### WORK INSTRUCTION
Omit every picture, then return each line of the data below exactly.

### INFORMATION SUPPLIED
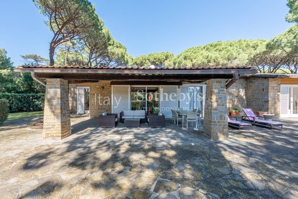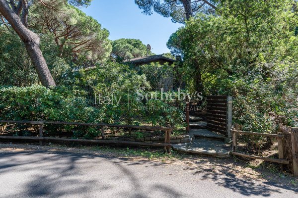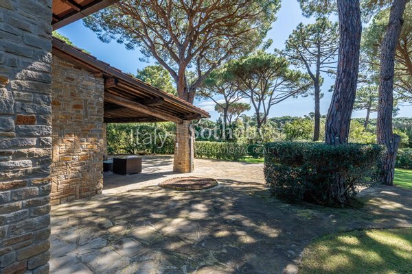 Im Herzen des prestigeträchtigen Wohngebiets und des üppigen Pinienwaldes von Roccamare befindet sich diese bezaubernde Villa von 270 m², umgeben von einem privaten Park von 5200 m². Ei
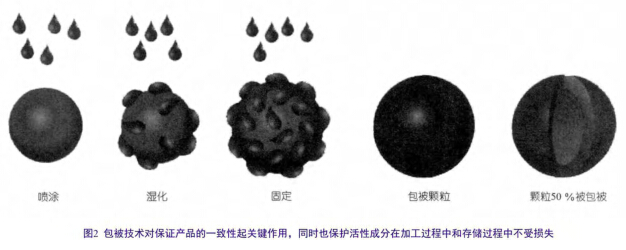 当营养物质的吸收和免疫力受到损害时,动物的生长也会变得不理想,这具有明确的经济学意义,因为仔猪断奶时的体重与出栏时的体重高度相关。重要的是,当动物在刚断奶时的生长性能表现很差时,在随后的生长中增重似乎不存在补偿的现象。因此,许多养猪生产者从仔猪断奶后的第一天起就将重点放在可以提高其采食量和日增重的策略上,以优化仔猪终生的生产性能和经济回报。虽然市场上有几种可以用于对抗断奶后应激的产品,但它们中很少能够促进肠道的正常生理与发育。另外,添加剂的生产方式对该产品在生产上的使用效果会产生显著影响。多年来,含有香味、口感增强剂和甜味剂以及生物活性植物提取物的饲料添加剂,已广泛用于仔猪料中,以增加其采食量和日增重。虽然,包含在这些产品中的许多活性成分显示出可增加饲料的香味和提高动物的采食量,但关键是这些活性成分需要进行包被,以保证产品性能的一致性,最大限度地减少各批产品间活性成分含量上的差异,同时也可确保活性成分在加工和储存期间不受降解。包被可以保护活性成分免受不断变化的环境影响,也可以用于控制添加剂在特定消化阶段的释放。图2显示了利用包衣进行包被的过程,研究显示这一过程可确保颗粒大小一致,保护活性成分在加工过程中不受损失,也可减小各批产品间在活性成分含量上的差异。
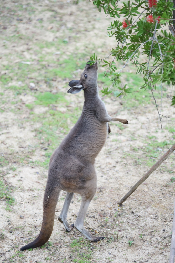 カンガルー舎に植樹されたブラシの木 綺麗な赤い花が咲いても、美味しい葉っぱが好きだよね、うん。

### SOLUTION BELOW
 Im Herzen des prestigeträchtigen Wohngebiets und des üppigen Pinienwaldes von Roccamare befindet sich diese bezaubernde Villa von 270 m², umgeben von einem privaten Park von 5200 m². Ei
 当营养物质的吸收和免疫力受到损害时,动物的生长也会变得不理想,这具有明确的经济学意义,因为仔猪断奶时的体重与出栏时的体重高度相关。重要的是,当动物在刚断奶时的生长性能表现很差时,在随后的生长中增重似乎不存在补偿的现象。因此,许多养猪生产者从仔猪断奶后的第一天起就将重点放在可以提高其采食量和日增重的策略上,以优化仔猪终生的生产性能和经济回报。虽然市场上有几种可以用于对抗断奶后应激的产品,但它们中很少能够促进肠道的正常生理与发育。另外,添加剂的生产方式对该产品在生产上的使用效果会产生显著影响。多年来,含有香味、口感增强剂和甜味剂以及生物活性植物提取物的饲料添加剂,已广泛用于仔猪料中,以增加其采食量和日增重。虽然,包含在这些产品中的许多活性成分显示出可增加饲料的香味和提高动物的采食量,但关键是这些活性成分需要进行包被,以保证产品性能的一致性,最大限度地减少各批产品间活性成分含量上的差异,同时也可确保活性成分在加工和储存期间不受降解。包被可以保护活性成分免受不断变化的环境影响,也可以用于控制添加剂在特定消化阶段的释放。图2显示了利用包衣进行包被的过程,研究显示这一过程可确保颗粒大小一致,保护活性成分在加工过程中不受损失,也可减小各批产品间在活性成分含量上的差异。
 カンガルー舎に植樹されたブラシの木 綺麗な赤い花が咲いても、美味しい葉っぱが好きだよね、うん。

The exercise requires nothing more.